Amazing how small the core is 😍. Here we can see the benefits of a lean simply ISA design.

RISC-V software

The first step is to setup up the RISC-V toolchain. Usually, the RISC-V compiler can build binaries for all RISC-V architectures, but the standard library is built for RV32IG.
If you look at the table above this is a RV32I architecture with the G extensions. G is shorthand for MAFD. Our processor has only the M extensions.
So, if you want to use the included libraries you should compile the toolchain for RV32I only. Otherwise you can use the default compiler (you find instructions at the end of the post in appendix B)

We build the toolchain with ubuntu. If you do not have a native installation WSL for windows works as well.

The following commands build the toolchain for the architecture RV32I (if needed you can adjust this for the architecture you need) [line 15]
Example: for rv32imc change line 15 to
../configure --with-arch=rv32imc --prefix=/opt/riscv32i

# Ubuntu packages needed:
sudo apt-get install autoconf automake autotools-dev curl libmpc-dev \
        libmpfr-dev libgmp-dev gawk build-essential bison flex texinfo \
    gperf libtool patchutils bc zlib1g-dev git libexpat1-dev

sudo mkdir /opt/riscv32i
sudo chown $USER /opt/riscv32i

git clone https://github.com/riscv/riscv-gnu-toolchain riscv-gnu-toolchain-rv32i
cd riscv-gnu-toolchain-rv32i
git checkout 411d134
git submodule update --init --recursive
cd riscv32i
mkdir build; cd build
../configure --with-arch=rv32i --prefix=/opt/riscv32i
make -j$(nproc)

In the end, the toolchain should be installed under /opt/riscv32i as riscv32-unknown-elf-*

Building RISC-V hello world

Download the example project (based on the PicoRV32 project) from the github repository linked above.

We need 3 files:

firmware.S (assembler init script / set the stack pointer)
firmare.lds (linker [ld] script)
firmware.c (C-Code)

firmware.S

.section .init
.global main

/* set stack pointer */
lui sp, %hi(16*1024)
addi sp, sp, %lo(16*1024)

/* call main */
jal ra, main

/* break */
ebreak

Our system uses 16kByte of block ram as memory for the CPU.

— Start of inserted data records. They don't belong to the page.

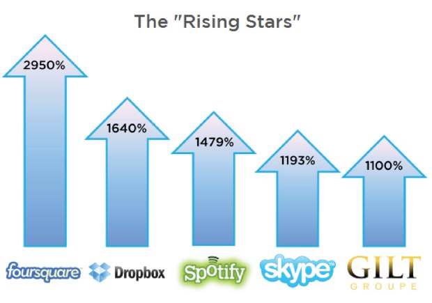 In March, SecondMarket launched a redesign which allowed members to more easily “watch” companies, which is similar to following news about those companies. Foursquare was the fastest rising star, with 2,950 percent growth in the number of participants “watching” the company. All of this interest propelled Foursquare to the No. 6 spot on the overall most-watched list. Other rising stars include Dropbox, Spotify, Skype and Gilt. Newcomers to the watch lists included Hulu, LivingSocial, Quora, and Square.
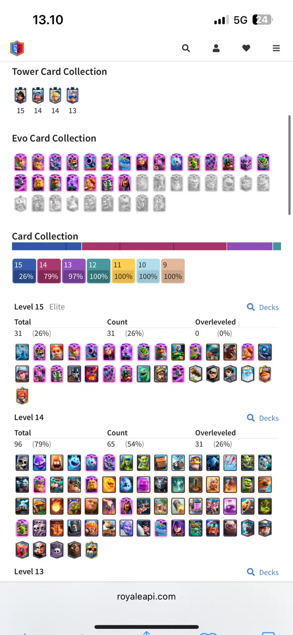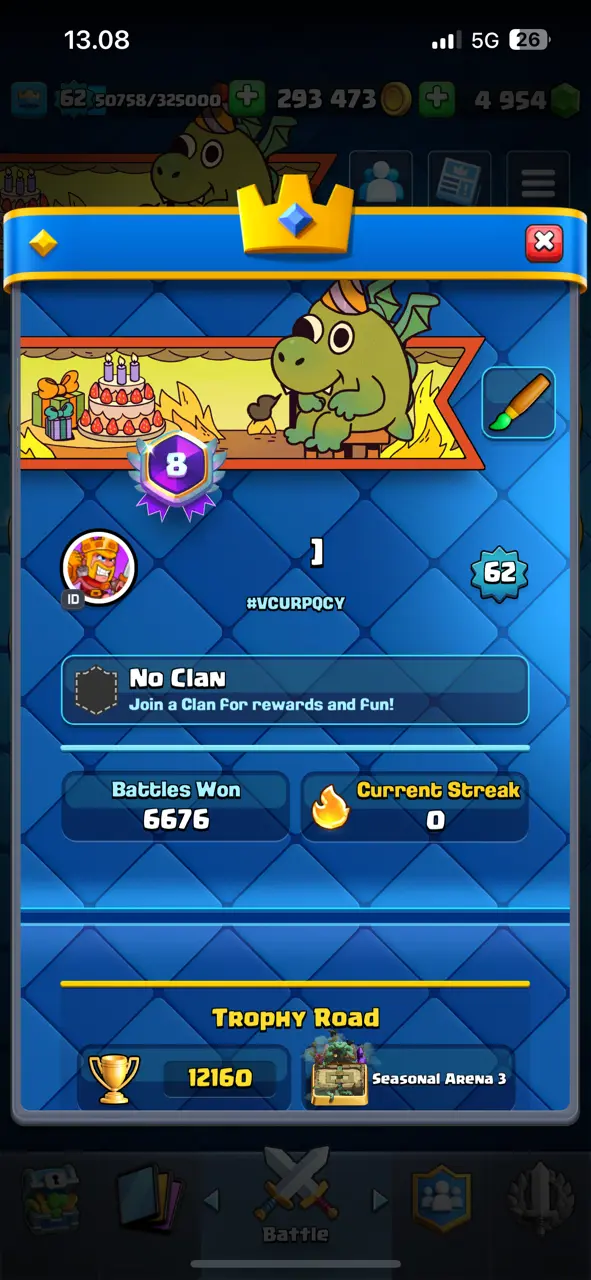 🔥 Awesome Rarest 🔥 CR Lv.62 🔥 8 Years Played 🔥 Change Name ON 🔥 Seasonal Arena 3 🔥 12160 Trophies 🔥 KT 15 🔥 22 Evo Cards 🔥 96 Max Cards & 31 Elites 🔥 140 Emotes 🔥 13 Tower Skins 🔥 [F2790] 🔥
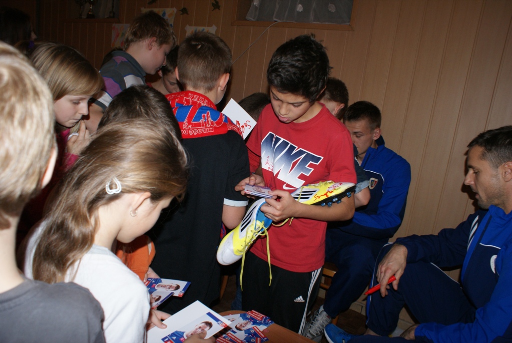Jakub Szmatuła podzielił się z najmłodszymi piłkarską drogą, którą przebył nim trafił do Gliwic, po czym dzieci opowiedziały o swoich kontaktach z futbolem. Wiele emocji wywołało rozdawanie autografów i wspólne zdjęcia. Piłkarze podpisywali się nie tylko na specjalnych kartach, ale koszulkach, rękach, getrach czy korkach. Na zakończenie wizyty obie strony przekazały sobie upominki i wszyscy udali się na zewnątrz na kilkunastominutową zabawę z piłką.
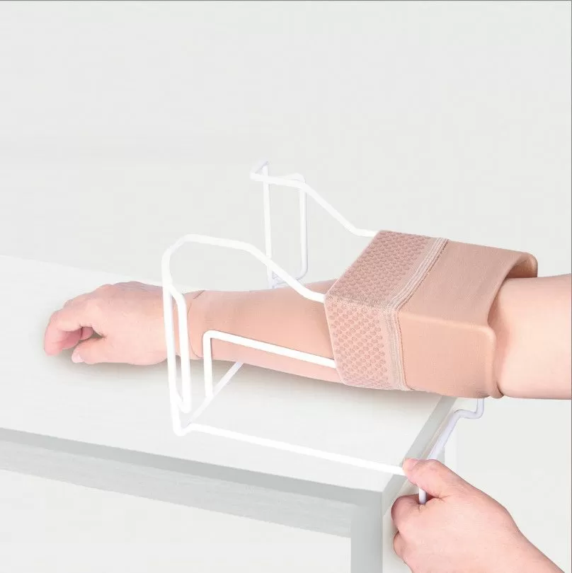 - Больную руку поместите в рукав и продвигайте ее вперед до полного надевания изделия.
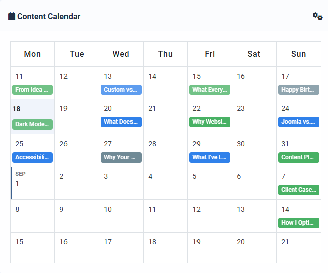 The PRO version takes the module to the next level. With drag-and-drop functionality you can easily reschedule articles, while the option to add new articles directly makes your workflow even faster. Custom colors help you distinguish categories, tags or authors at a glance, and the clear week view gives you better insights into your content planning, so you stay in control of what goes live and when.
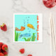 Pequenos e engraçados guardanapos de papel-coquetel com peixes nadando em laranja, azul e amarelo. Personalize o texto para se adequar à sua ocasião especial. A cor azul clara do fundo pode ser alterada para a cor pastel favorita para coordenar as cores do evento. Design de diversão para chaleira ou resort de pesca.
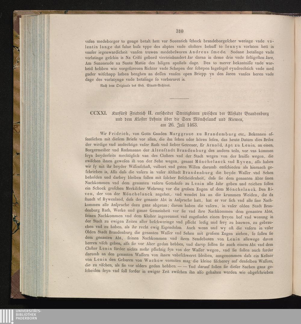CCXXI. Kurfürst Friedrich II. entscheidet Streitigkeiten zwischen der Altstadt Brandenburg[...]
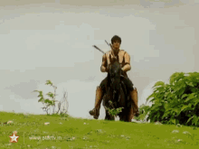 Rahil Azam as Hatim Tai, a warrior, rides his horse across a grassy field, ready for adventure.

In the standard RISC-V calling convention, the stack grows downward, and the stack pointer is always kept 16-byte aligned.

We set the stack pointer to the upper memory limit (16kByte = 16*1024) so it can grow down.

RISC-V handles 32-bit constants and addresses with instructions that set the upper 20 bits of a 32-bit register. Load upper immediate lui loads 20 bits into bits 31 through 12.
lui sp, %hi(16*1024)

Then a second instruction such as addi can set the bottom 12 bits.
addi sp, sp, %lo(16*1024)

EBREAK will trap the processor

firmware.lds

SECTIONS {
	.memory : {
		. = 0x000000;
		*(.init);
		*(.text);
		*(*);
		. = ALIGN(4);
		end = .;
	}
}

The linker script is quite simple. It just maps the code sections to address 0x000000.

firmware.c

// snippet only / complete file in github!

void main()
{
	char message[] = "$Uryyb+Jbeyq!+Vs+lbh+pna+ernq+guvf+zrffntr+gura$gur+CvpbEI32+PCH"
			"+frrzf+gb+or+jbexvat+whfg+svar.$$++++++++++++++++GRFG+CNFFRQ!$$";
	for (int i = 0; message[i]; i++)
		switch (message[i])
		{
		case 'a' ... 'm':
		case 'A' ... 'M':
			message[i] += 13;
			break;
		case 'n' ... 'z':
		case 'N' ... 'Z':
			message[i] -= 13;
			break;
		case '$':
			message[i] = '\n';
			break;
		case '+':
			message[i] = ' ';
			break;
		}
	puts(message);
}

We will see the output of the main function later 😉

Building the binary file

/opt/riscv32i/bin/riscv32-unknown-elf-gcc -Os -ffreestanding -nostdlib -o firmware.elf \
         firmware.S firmware.c \
		 --std=gnu99 -Wl,-Bstatic,-T,firmware.lds,-Map,firmware.map,--strip-debug -lgcc
		 
/opt/riscv32i/bin/riscv32-unknown-elf-objcopy -O binary firmware.elf firmware.bin

As we are using a bare metal system without an elf loader, we get rid of the elf part and use the binary only:
objcopy -O binary firmware.elf firmware.bin

To instantiate the blockram with the firmware.bin file one more step is required. We must convert the binary file firmware.bin to firmware.hex

With the included python script this is a simple task:
python3 makehex.py firmware.bin 4096 > firmware.hex

4096 is the memory size in words (4096 * 32Bit = 16kByte)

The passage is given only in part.